--- Provided data ---

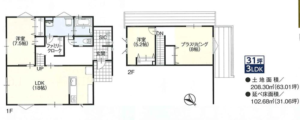 建物面積 | 102.68㎡(31.06坪) | 土地面積 | 208.3㎡(63.01坪)(登記) | ||
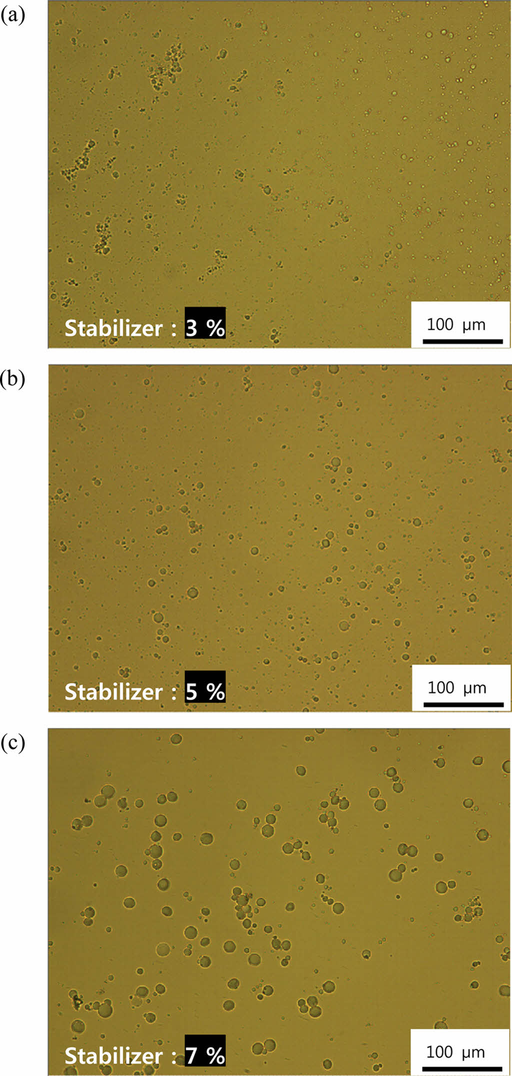 Optical microscope images of P(AA-co-GelMA) hydrogel particles synthesized using various concentrations of the stabilizer: (a) stabilizer 3%; (b) stabilizer 5%; (c) stabilizer 7%.
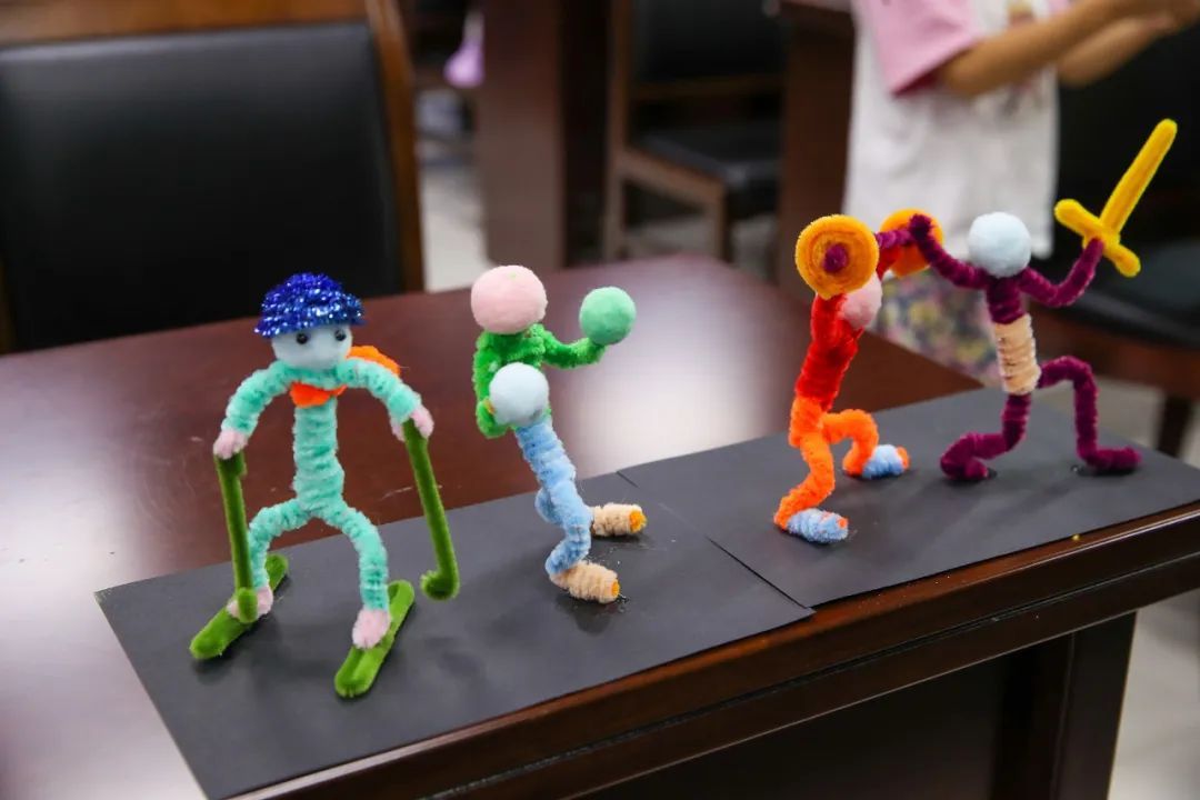 活动现场,在手工老师的指导下,孩子们拿起色彩斑斓的扭扭棒,制作出了形态各异的奥运小将。这些小将或矫健有力,或灵动可爱,孩子们的脸上洋溢出开心的笑容。

---

- **What to work on**:
Starting from the line that contains "Optical microscope images", transcribe exactly each line down to the final line of the material above, excluding every picture and adding nothing else.

- **Answer area**:
 Optical microscope images of P(AA-co-GelMA) hydrogel particles synthesized using various concentrations of the stabilizer: (a) stabilizer 3%; (b) stabilizer 5%; (c) stabilizer 7%.
 活动现场,在手工老师的指导下,孩子们拿起色彩斑斓的扭扭棒,制作出了形态各异的奥运小将。这些小将或矫健有力,或灵动可爱,孩子们的脸上洋溢出开心的笑容。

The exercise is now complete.